尽管长期和反复发作可能会引起癫痫发作，记忆力减退和神经元死亡，但癫痫发作与神经元死亡之间的确切关系仍不清楚。促红细胞生成素（EPO）具有神经保护和抗癫痫作用。我们调查了单个戊戊四唑（PTZ）引起的强直阵挛性癫痫发作对海马角膜1（CA1）和CA3区域的锥体神经元的影响。我们还研究了EPO对癫痫发作，记忆力以及脑源性神经营养因子（BDNF），酪氨酸受体激酶B，sirtuin-1（SIRT1）的影响，这些作用对于记忆力很重要。将四十只雄性大鼠分为四组：对照组，生理盐水处理，单剂量60 mg / kg剂量的PTZ处理，3000 IU / kg EPO处理和3000 IU / kg EPO处理。注射PTZ后评估癫痫潜伏期和严重程度。癫痫发作24小时后进行被动回避测试。在血清，海马和皮质中测量BDNF，TrkB和SIRT1水平。组织学检查海马，并使用免疫组织化学研究神经元核抗原（NeuN）。EPO预处理可降低癫痫发作的严重程度并延长癫痫发作潜伏期。单剂量PTZ诱发的癫痫发作不影响记忆。尽管深色神经元的数量增加了，但CA1区的细胞数量没有变化。PTZ诱发癫痫发作后，CA3区的总细胞数和深色细胞的百分比均升高。EPO预处理减少了CA1和CA3区域中暗细胞的数量以及CA3区域中暗细胞的数量。在PTZ组的CA1和CA3区，NeuN标记未改变；然而，EPO预处理增加了CA3区的NeuN标记。
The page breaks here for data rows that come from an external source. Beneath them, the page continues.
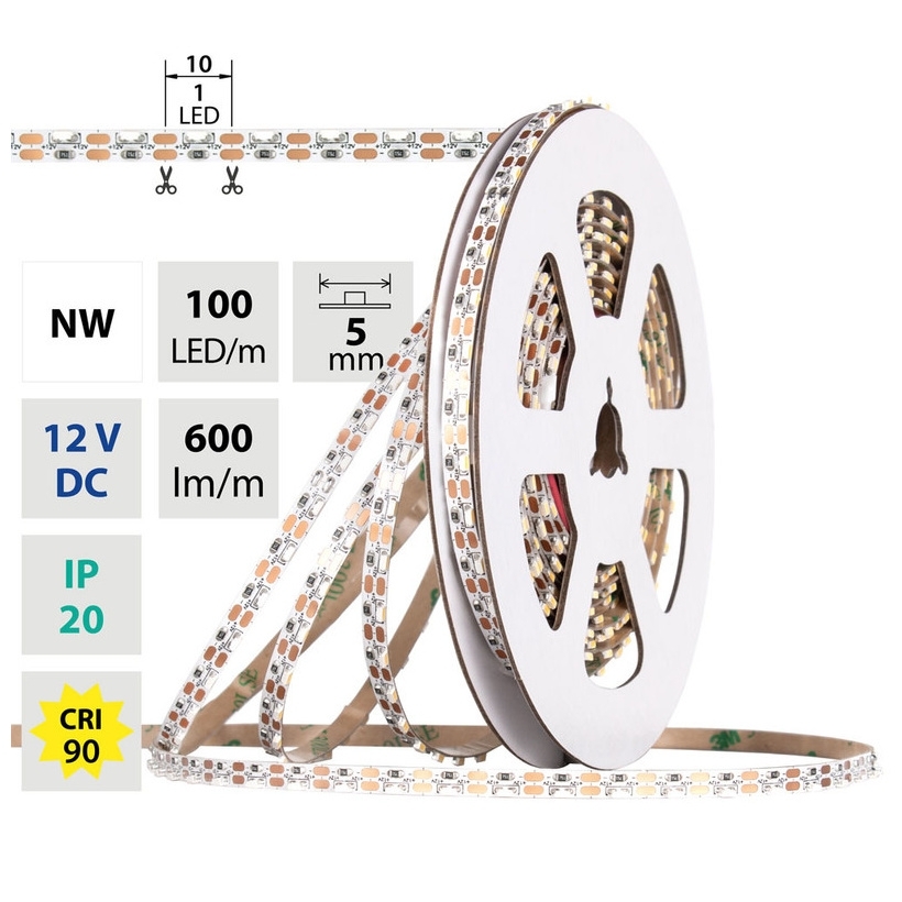 LED pásek stranový SMD3014 NW, 100LED/m, 6W/m, 600lm/m, CRI90, IP20, DC12V, 5mm, 5m
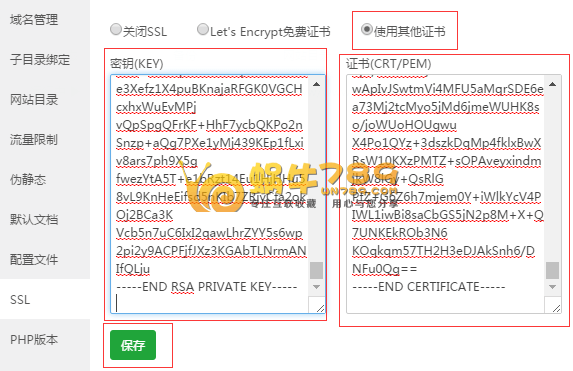 7、安装自己申请的证书。下图是以宝塔面板为例。
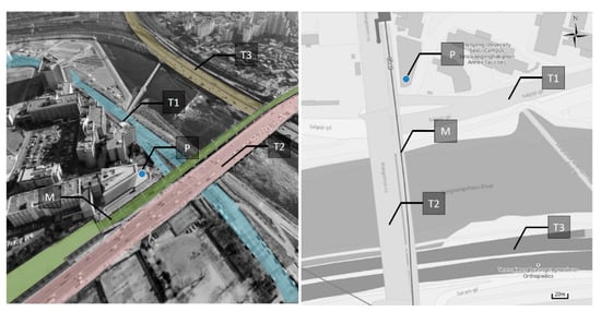 Field measurement area and traffic conditions (source: http://map.naver.com). (a) Birdseye view and (b) aerial map of the measurement location. ‘T’, ‘M’, and ‘P’ indicate the traffic road, metro lane, and measurement unit, respectively. T1 (four lanes), T2 (six lanes), and T3 (ten lanes) are 36 m, 42 m, 330 m away from the measurement unit, respectively. M (two lanes) is immediately adjacent to the measurement unit.
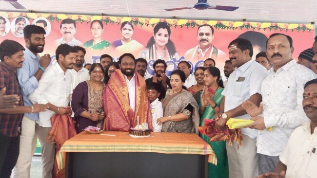 పాలకుర్తి నియోజకవర్గం లోని తొర్రూరు మార్కెట్ కమిటీ చైర్మన్ హనుమాండ్ల తిరుపతి రెడ్డి జన్మదిన వేడుకలను ఆదివారం మండల కేంద్రంలో గల ఎమ్మెల్యే క్యాంపు కార్యాలయంలో ఘనంగా నిర్వహించారు. కాంగ్రెస్ పార్టీ పాలకుర్తి నియోజకవర్గం ఇన్చార్జి హనుమాండ్ల ఝాన్సీ రెడ్డి తిరుపతి రెడ్డి జన్మదిన వేడుకల సందర్భంగా కేక్ కట్ చేసి, శాలువాతో సత్కరించి శుభాకాంక్షలు తెలిపారు. ఈ కార్యక్రమంలో బ్లాక్ కాంగ్రెస్ అధ్యక్షుడు రాపాక సత్యనారాయణ, పాలకుర్తి మార్కెట్ కమిటీ చైర్ పర్సన్ లావుడియా మంజుల భాస్కర్ నాయక్, పాలకుర్తి కొడకండ్ల దేవరుప్పుల మండలాల కాంగ్రెస్ పార్టీ అధ్యక్షులు గిరగాని కుమారస్వామి గౌడ్, ధరవత్ సురేష్ నాయక్ , నల్ల శ్రీరామ్, మండల ప్రధాన కార్యదర్శి బైరు భార్గవ్, పాలకుర్తి మాజీ సర్పంచ్ వీరమనేని యాకాంతరావు, యూత్ కాంగ్రెస్ నియోజకవర్గ అధ్యక్షులు ధారావత్ రాజేష్ నాయక్, నాయకులు వి ఆర్ ఫౌండేషన్ అధ్యక్షులు మొలుగురి యాకయ్య గౌడ్, పెనుగొండ రమేష్, అందే యాకయ్య తదితరులు పాల్గొన్నారు.

尽管EPO表现出抗惊厥作用，但单剂量EPO预处理不会影响未暴露于PTZ的动物或已遭受PTZ诱发的癫痫发作的动物的记忆。EPO预处理可延长癫痫发作潜伏期并降低PTZ诱发的癫痫发作后的癫痫发作严重程度。EPO预处理的抗癫痫发作和神经保护作用可能是由于对CA1和CA3神经元的保护，可能是由于SIRT1和BDNF活性。单剂量EPO预处理不会影响未暴露于PTZ的动物或已遭受PTZ诱发的癫痫发作的动物的记忆。EPO预处理可延长癫痫发作潜伏期，并降低PTZ诱发的癫痫发作后的癫痫发作严重程度。EPO预处理的抗癫痫发作和神经保护作用可能是由于对CA1和CA3神经元的保护，可能是由于SIRT1和BDNF活性。单剂量EPO预处理不会影响未暴露于PTZ的动物或已遭受PTZ诱发的癫痫发作的动物的记忆。EPO预处理可延长癫痫发作潜伏期，并降低PTZ诱发的癫痫发作后的癫痫发作严重程度。EPO预处理的抗癫痫发作和神经保护作用可能是由于对CA1和CA3神经元的保护，可能是由于SIRT1和BDNF活性。